On average humans spend a third of their life sleeping, yet 36% of UK adults struggle to get to sleep on a weekly basis (1). Aside from feeling groggy and grumpy when feeling tired, sleep deprivation puts us at greater risk of obesity, heart disease and even diabetes.
The benefits of sleep
So why should we give our body the ZZZs it needs? Sleep is when our body repairs, recovers and consolidates memories. Therefore sufficient sleep is crucial for a sharper brain, better mood, immunity, blood sugar, a healthier heart and even appetite control.
The link between our gut and sleep
Researchers are now raising the possibility that the secret to a good night’s sleep may lie within the gut. Our gut comprises of trillions of bacteria, in fact, they outnumber human cells by 10-1 and weigh around 2kg which is the same weight as a large bag of potatoes! Collectively, this bacterium is known as our gut microbiota.
Some studies have shown that sleep deprivation may negatively alter the composition of the gut microbiota (2), and disrupted sleep patterns such as jet lag and shift work may result in dysbiosis (an imbalance between good and bad bacteria in the gut) (3). Dysbiosis is known to be associated with conditions such as diabetes (4), fat storage, as well as a reduced cognitive performance via the gut-brain axis (5).
The circadian rhythm and the gut
We all have a circadian rhythm, which is a 24-hour internal body clock regulating our sleep-wake cycle. When our circadian rhythm is aligned it can support good restorative sleep, yet when disrupted, sleep problems such as insomnia can occur. It appears that 10% of our gut bacteria have a 24-hour circadian rhythm of their own, where the abundance of certain types of bacteria increases in the morning and decrease at night.
Disruptions to our circadian rhythm such as jet-lagged can also disrupt our gut bacteria’s circadian rhythm. This is one way that sleep disruption such as nightshift work may negatively impact the gut microbiota, which may have consequences to overall health (6).
What can we do about it?
Exciting preclinical research suggests that prebiotics may improve the quality of sleep and realign circadian rhythm disruptions. Prebiotics are potent fibres that feed specific types of stress-protective gut bacteria, helping them to flourish and grow. As a result, metabolites are produced that influence our brain and behaviour (7). Prebiotic fibre has been shown to improve restorative non-rapid-eye-movement (NREM) sleep, which is responsible for restful deep sleep. They also increase time spent in rapid-eye-movement (REM) sleep after exposure to acute and chronic stress. REM sleep is believed to be critical for promoting recovery from stress (8, 9). Furthermore, a greater diversity of beneficial bacteria in the gut is positively correlated with an increase in sleep efficiency and total sleep time.
Therefore, it appears that our gut bacteria may modulate stress physiology and sleep! By using prebiotic fibre to promote the growth of stress-protective gut bacteria along with their metabolites, there’s the potential to have greater resilience to circadian rhythm disruptions (e.g. jet lag, irregular work schedules) and realign our sleep-wake cycle more quickly.
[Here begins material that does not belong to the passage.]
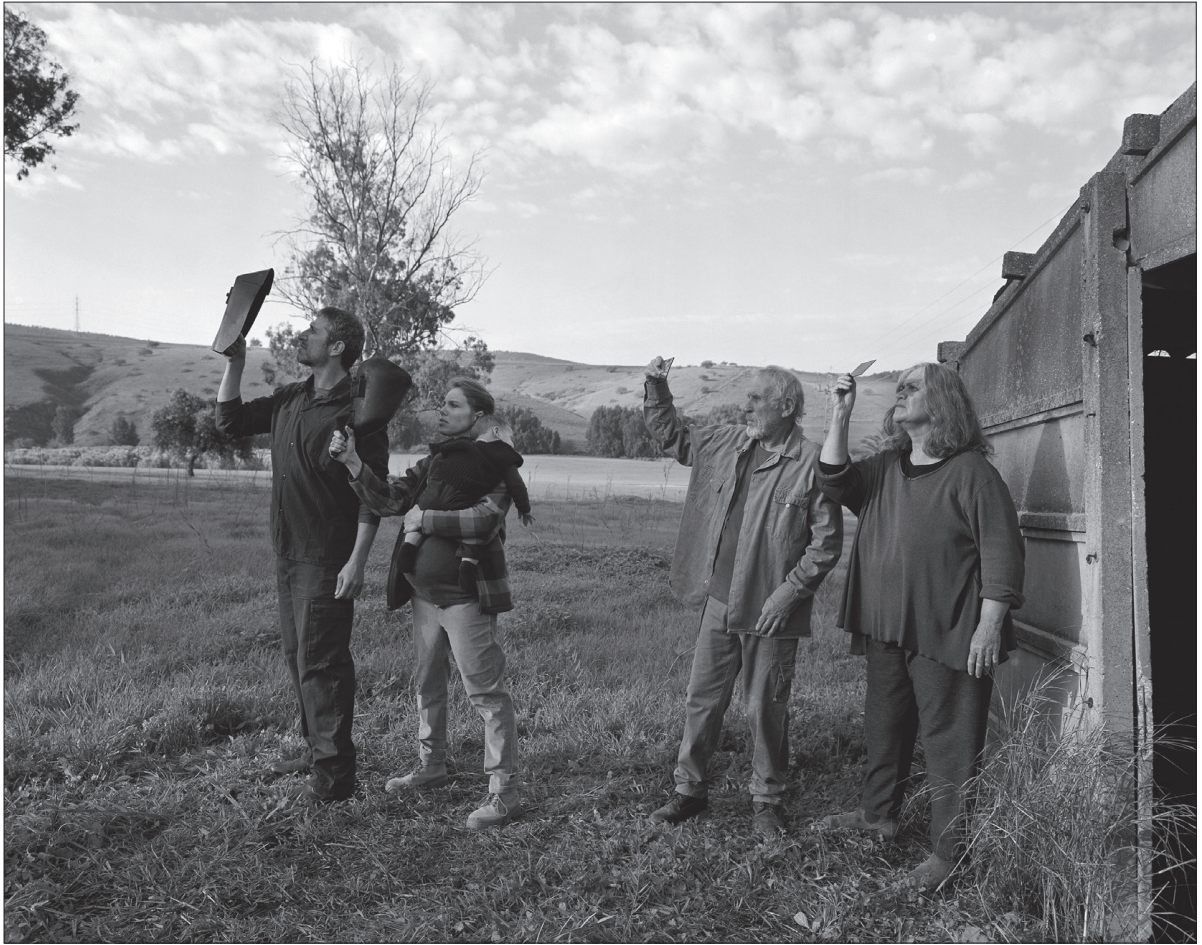
Adi Nes, Untitled (from the "Village" series), 2012

Where to find prebiotic fibre
A diet rich in a diverse range of prebiotic foods can help to cultivate a more diverse array of beneficial gut bacteria. Unripe bananas, garlic, onion, asparagus, leeks, legumes, beans and Jerusalem Artichoke are particularly rich sources of prebiotics.
Hello Day’s Sleep Rest + Prebio, takes a holistic approach by providing an amazing blend of plant extracts, amino acids and prebiotic fibre to support a better night’s sleep.
Key takeaways:
Sleep is crucial for a sharper brain, better mood, immunity, blood sugar, a healthier heart and even appetite control.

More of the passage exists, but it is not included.